Officers at the scene noted that the woman had a swollen lip and marks on the back of her neck and that the couple’s children were present during the incident, he added.

The victim said that the suspect ended his assault and walked away, allowing her to flee the apartment and seek help. She then waited with family members until officers responded to the report, Bitney said.

The suspect was arrested at the scene and booked on suspicion of domestic assault and violating an order for protection.

Turning the tables

A 24-year-old Minneapolis woman called the Bloomington Police Department for help after she accepted counterfeit currency during the sale of a laptop computer.

A police officer was dispatched to the parking area of IHOP, 2231 Killebrew Drive, at approximately 9 p.m. Nov. 26. They met with a woman who reported that she was waiting to meet the man who purchased the computer from her three days earlier in Minneapolis, Bitney explained.

The woman showed the officer the Facebook ad she placed to sell the computer and the profile of the man who purchased it. The woman accepted $500 for the computer but did not immediately realize that he paid her with counterfeit currency. She learned that the bills were counterfeit when she tried to spend the money the following day, Bitney said.

Upon learning that she accepted counterfeit currency, the woman did her own investigating and determined that the suspect, a 24-year-old Bloomington man, was trying to sell her laptop. She used another person’s profile to set up a purchase from the suspect and called the police from the parking lot prior to the suspect’s arrival, according to Bitney.

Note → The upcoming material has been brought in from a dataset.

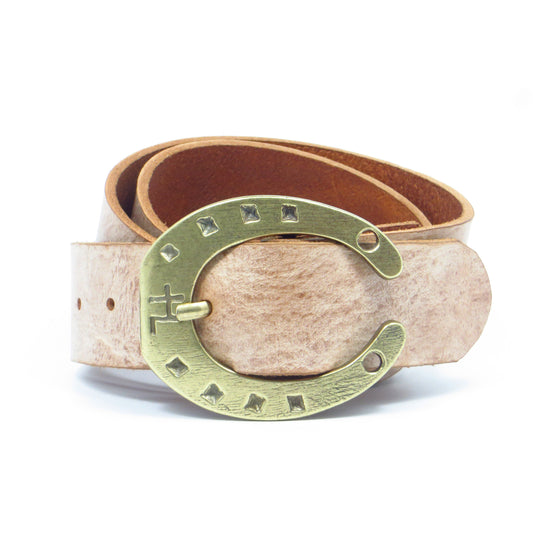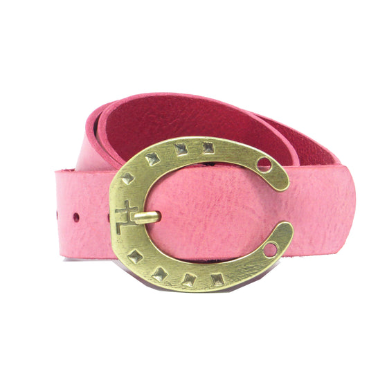 Ledergürtel 4 cm breit rosa Rindsleder mit Hufeisenschnalle messing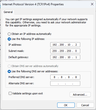 Konfigurasi DNS sesuai konfigurasi DNS sebelumnya yaitu dengan cara menambahkan DNS Google dan alamat gateway ISP.

After reviewing the woman’s evidence, the officer began surveillance of the parking lot, waiting for the suspect to arrive. Upon identifying the vehicle, the officer made contact with the driver to question him about the woman’s report. As the officer approached the vehicle, he could see what appeared to be marijuana on the passenger’s seat of the vehicle. The officer had the suspect step out of his vehicle at that point, and noticed that there was a gun between the door and the driver’s seat, Bitney explained. The gun turned out to be a BB gun, he noted.

The suspect consented to a search and was in possession of 11 counterfeit $100 bills, resulting in his arrest, Bitney said.

A check of the suspect’s criminal history showed that he has a history involving counterfeit currency possession and theft by swindle, including an arrest for an incident three days prior, Bitney noted.

The suspect was booked on suspicion of theft by swindle and possession of counterfeit currency.

Victims of online fraud are encouraged to document the details of the transaction and to call the police upon doing so rather than setting up their own sting and calling the police for assistance prior to the suspect’s arrival. The Minneapolis woman had no way of knowing that the suspect was carrying a gun and was potentially setting herself up to be a victim again if an officer was not immediately available to respond to her call, Bitney explained.